Pictures should be omitted from your copy. Everything else in the entries below must be restated word for word.
──────── LISTED RECORDS
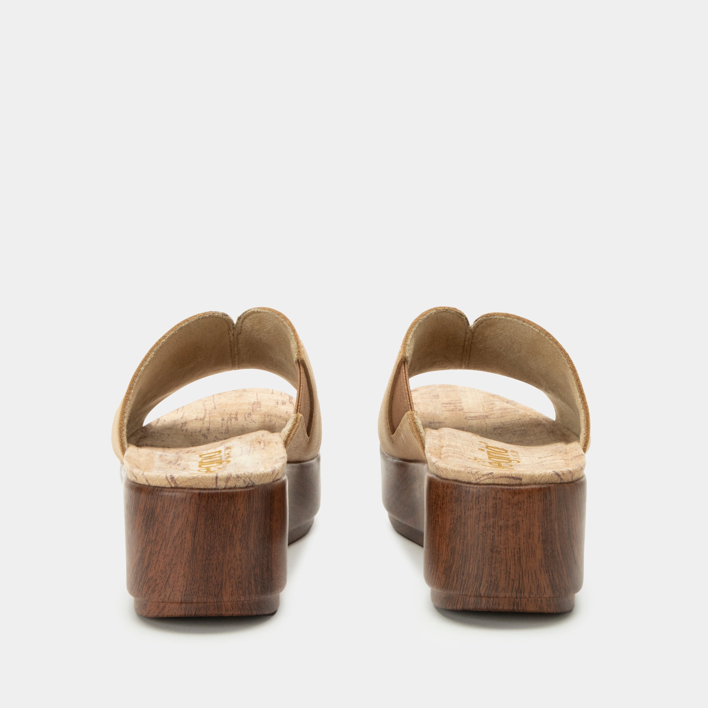 Revisit the '70s in this simple leather slide designed with hidden elastic goring and subtle 'V' cutout at the top line. The contoured footbed and lightweight comfort flatform outsole raises the bar on support and style. The microsuede covered footbed, has a soft hand-feel for durable stylish coverage and comfortable feel.
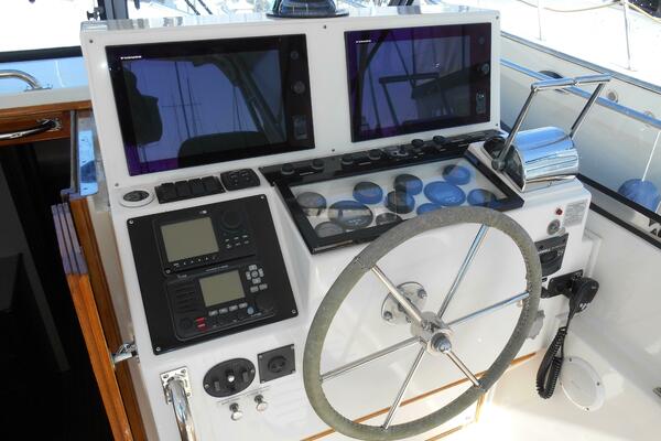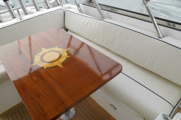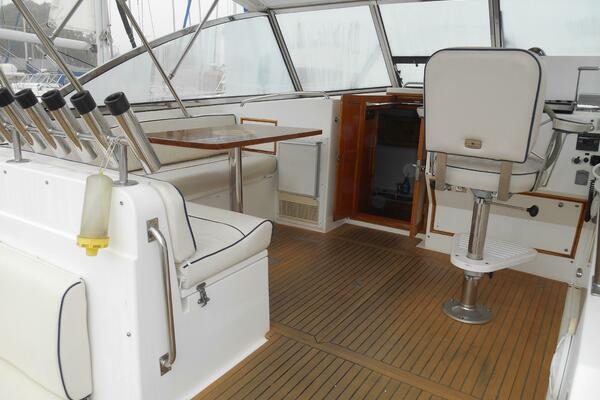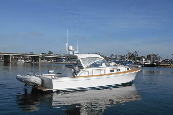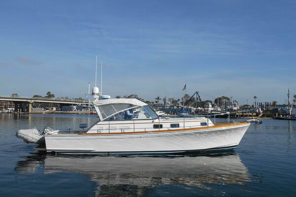 Grand Banks introduced the Eastbay line starting with the 38 EX in 1994 taking Grand Banks in a completely new direction from the traditional trawler line. Upon stepping aboard “Balmy” it becomes very apparent to the traditional build quality Grand Banks is famous for. The large cockpit and expansive helm deck are great for entertaining or relaxing in your favorite cove. Below deck is very traditional of Grand Banks quality with a full-service galley to port and convertible U-shaped dinette to starboard. Forward is the master stateroom with center Island Berth.
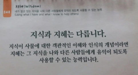 명성이 높거나 학벌이 좋거나 나이가 많다고 해서 그들이 모두 지혜롭다고 볼 수는 없다. 권위 있는 지식인도 해결하지 못하는 문제를 어린아이가 간단히 해결하는 경우도 있다. 이것만 보더라도 인생은 지식보다 지혜가 더 중요하다고 생각한다. 지혜는 여러 방면으로 터득할 수 있다. 지식을 먼저 얻은 후 지혜를 깨닫는 경우도 있고, 반대로 경험을 통해 지혜를 먼저 느끼고 한참 지나서야 그것이 지혜인지 자각하는 경우도 있다.
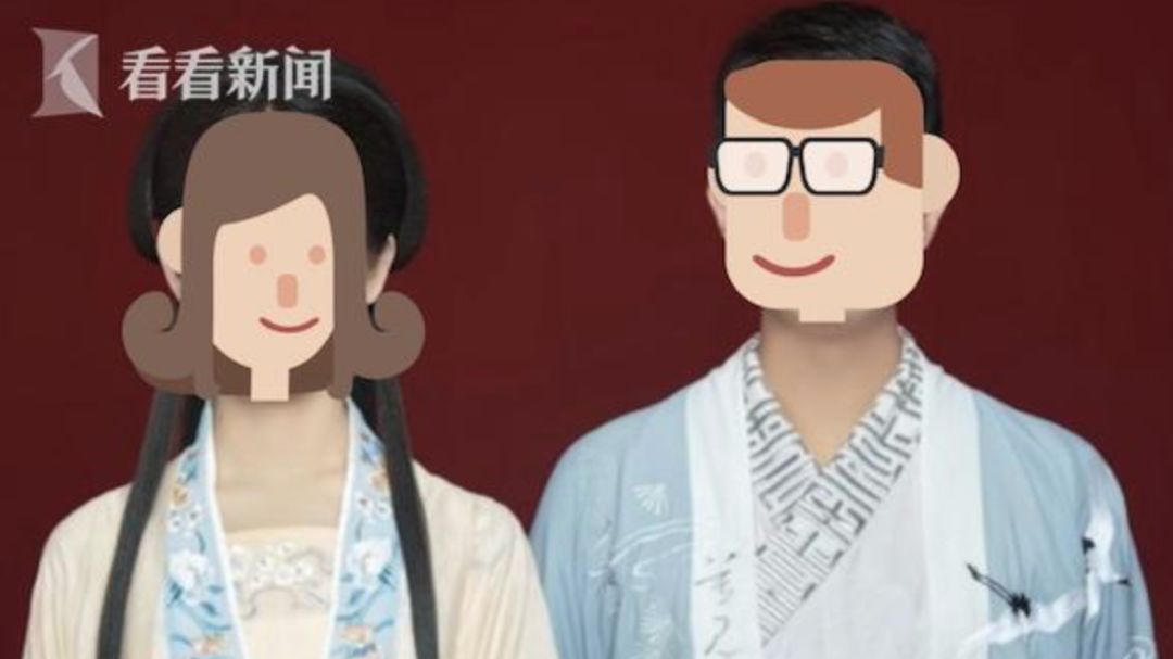 穿着汉服,梳着发髻一对新人拿着汉服照到福建厦门市思明区民政局做婚姻登记却被工作人员告知不能使用
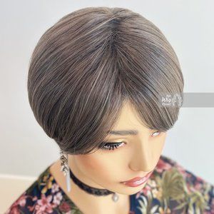 Handmade synthetic Fashion Mocha Grey Color Straight Bob wig made of high-grade heat-resistant synthetic fibers which can be treated with low-temperature heat, the wig was made of trendy mocha grey color fiber to mimic the most natural look. The wig cap comes with a hair top patch, low maintenance and easy to style. The rest of the cap is made with an open weft. This means it's breathable and comfortable for you to wear all day. The wig cap circumference is about 20-22 inches. It's also designed with adjustable straps in the back if in need to make any cap adjustments. The density for this wig is at 150%, which I find is the sweet spot where it gives you full coverage with the additional weight.
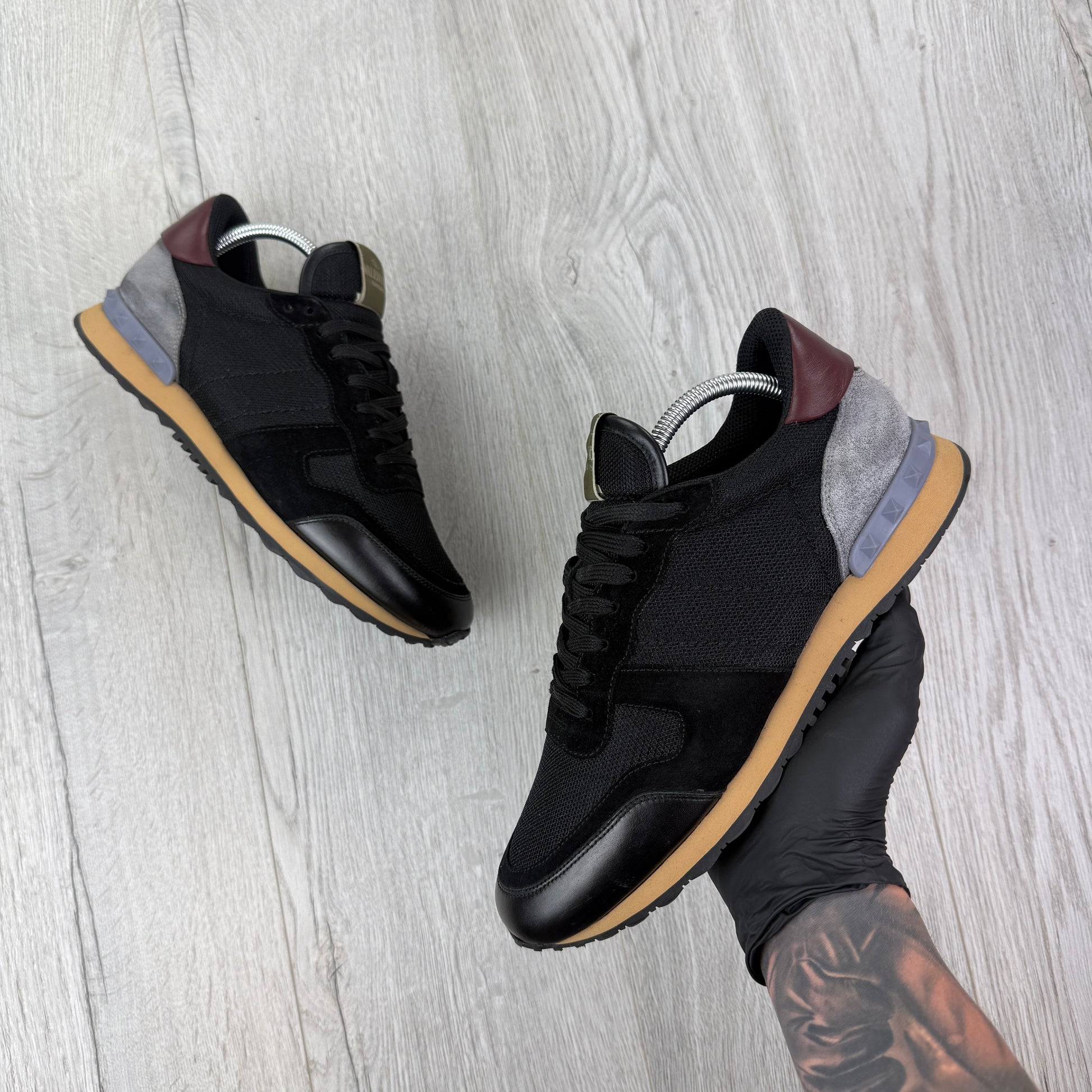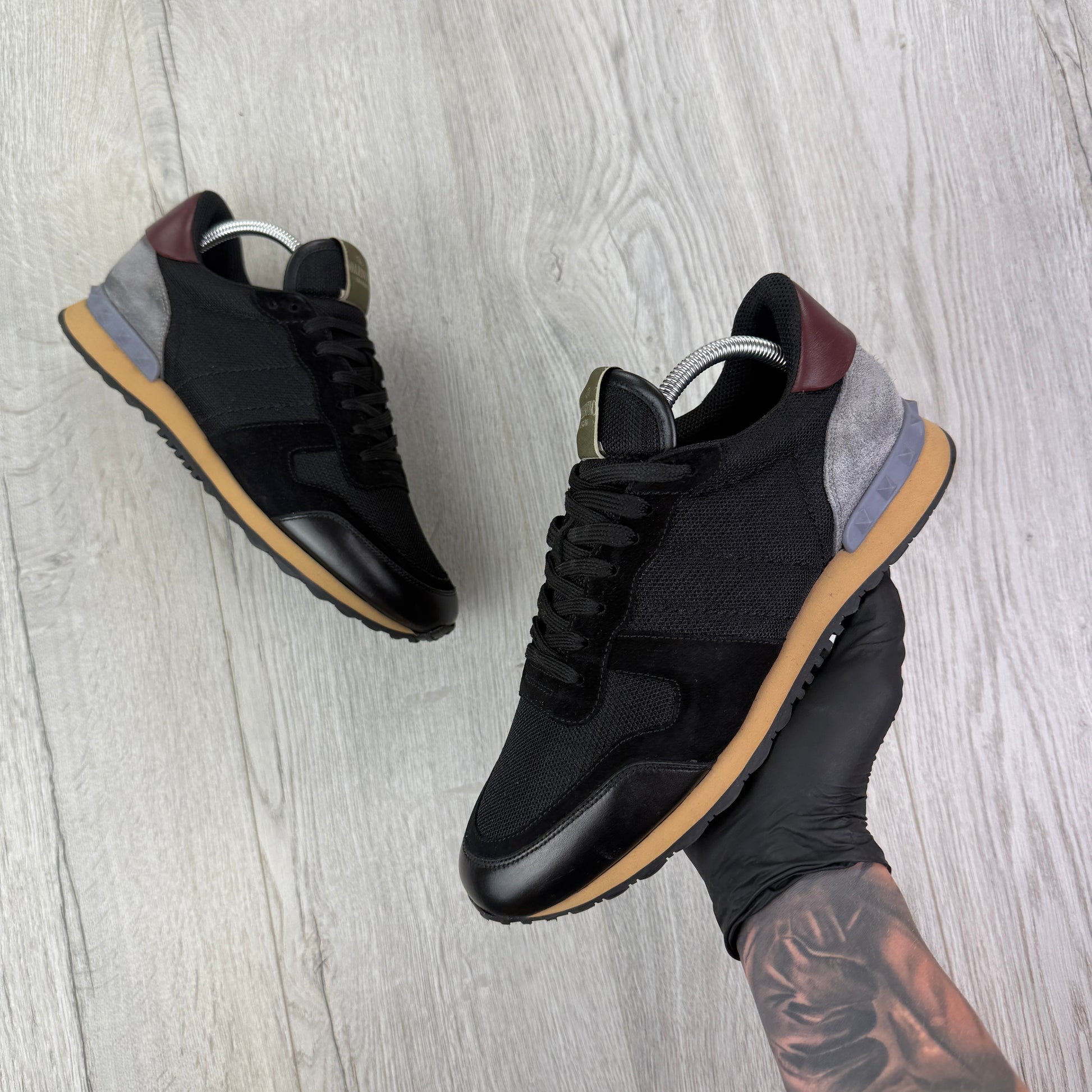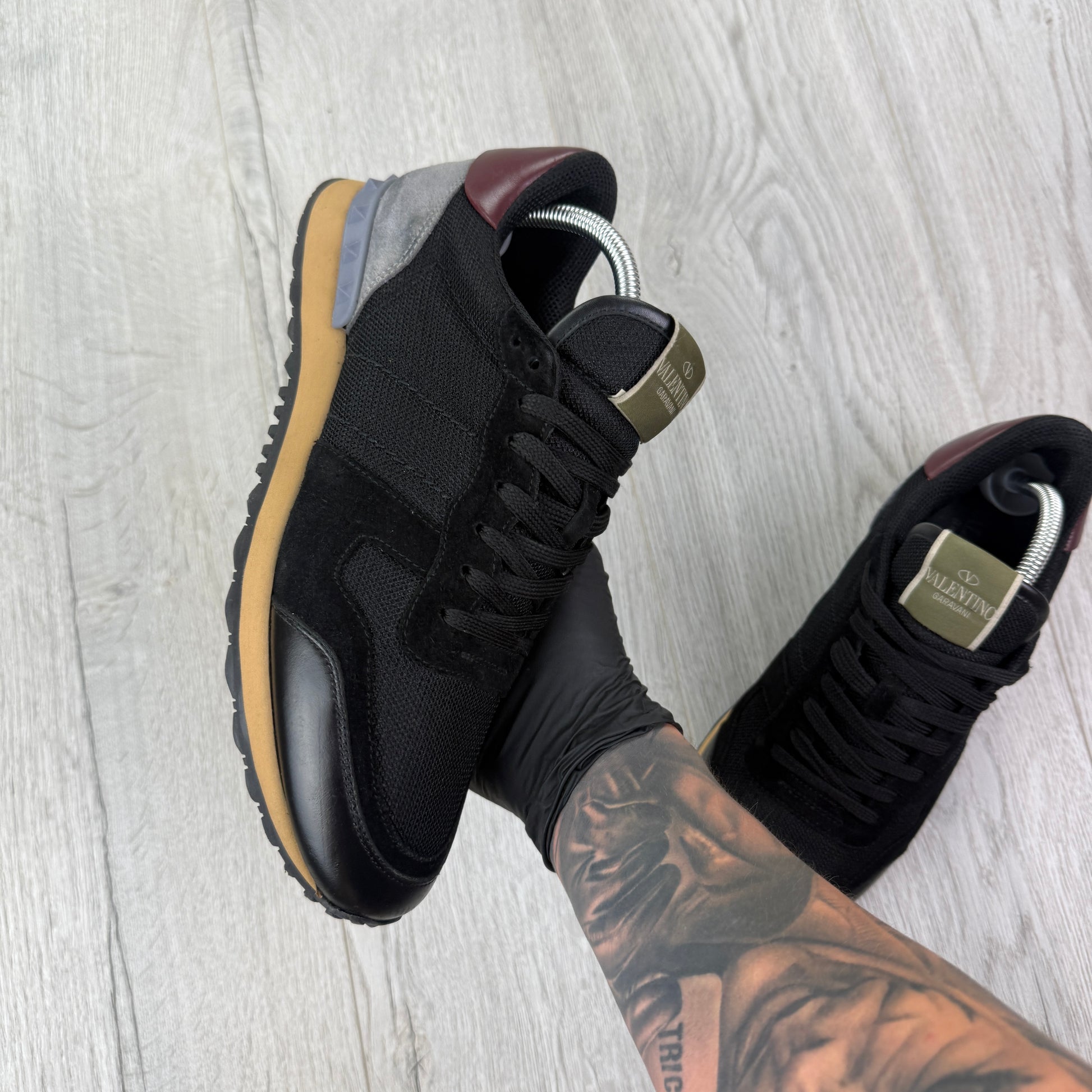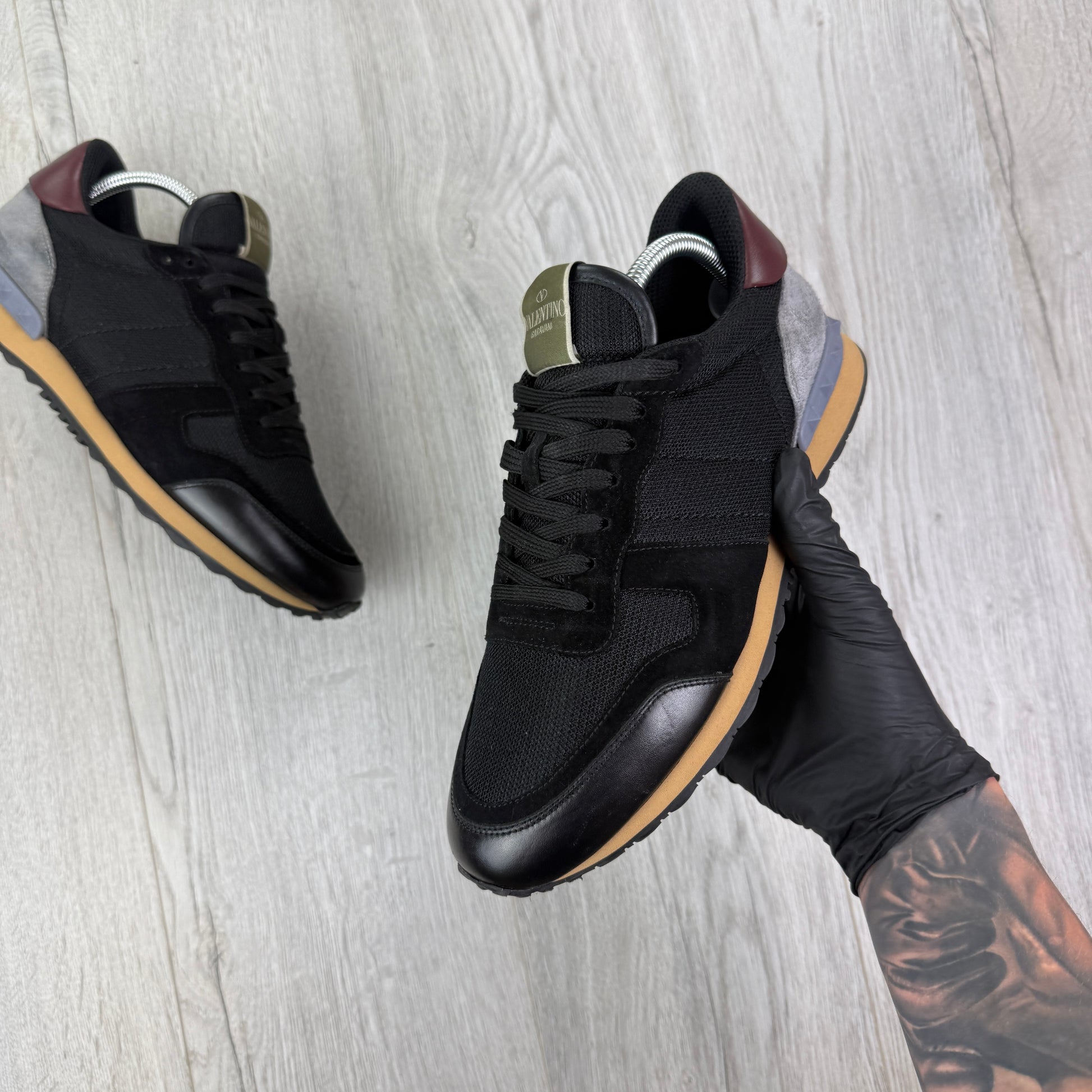 Valentino Men’s Black Mesh Runners With Maroon Heel - Uk 8
────────────────
* ANSWER BOX:
 Revisit the '70s in this simple leather slide designed with hidden elastic goring and subtle 'V' cutout at the top line. The contoured footbed and lightweight comfort flatform outsole raises the bar on support and style. The microsuede covered footbed, has a soft hand-feel for durable stylish coverage and comfortable feel.
 Grand Banks introduced the Eastbay line starting with the 38 EX in 1994 taking Grand Banks in a completely new direction from the traditional trawler line. Upon stepping aboard “Balmy” it becomes very apparent to the traditional build quality Grand Banks is famous for. The large cockpit and expansive helm deck are great for entertaining or relaxing in your favorite cove. Below deck is very traditional of Grand Banks quality with a full-service galley to port and convertible U-shaped dinette to starboard. Forward is the master stateroom with center Island Berth.
 명성이 높거나 학벌이 좋거나 나이가 많다고 해서 그들이 모두 지혜롭다고 볼 수는 없다. 권위 있는 지식인도 해결하지 못하는 문제를 어린아이가 간단히 해결하는 경우도 있다. 이것만 보더라도 인생은 지식보다 지혜가 더 중요하다고 생각한다. 지혜는 여러 방면으로 터득할 수 있다. 지식을 먼저 얻은 후 지혜를 깨닫는 경우도 있고, 반대로 경험을 통해 지혜를 먼저 느끼고 한참 지나서야 그것이 지혜인지 자각하는 경우도 있다.
 穿着汉服,梳着发髻一对新人拿着汉服照到福建厦门市思明区民政局做婚姻登记却被工作人员告知不能使用
 Handmade synthetic Fashion Mocha Grey Color Straight Bob wig made of high-grade heat-resistant synthetic fibers which can be treated with low-temperature heat, the wig was made of trendy mocha grey color fiber to mimic the most natural look. The wig cap comes with a hair top patch, low maintenance and easy to style. The rest of the cap is made with an open weft. This means it's breathable and comfortable for you to wear all day. The wig cap circumference is about 20-22 inches. It's also designed with adjustable straps in the back if in need to make any cap adjustments. The density for this wig is at 150%, which I find is the sweet spot where it gives you full coverage with the additional weight.
 Valentino Men’s Black Mesh Runners With Maroon Heel - Uk 8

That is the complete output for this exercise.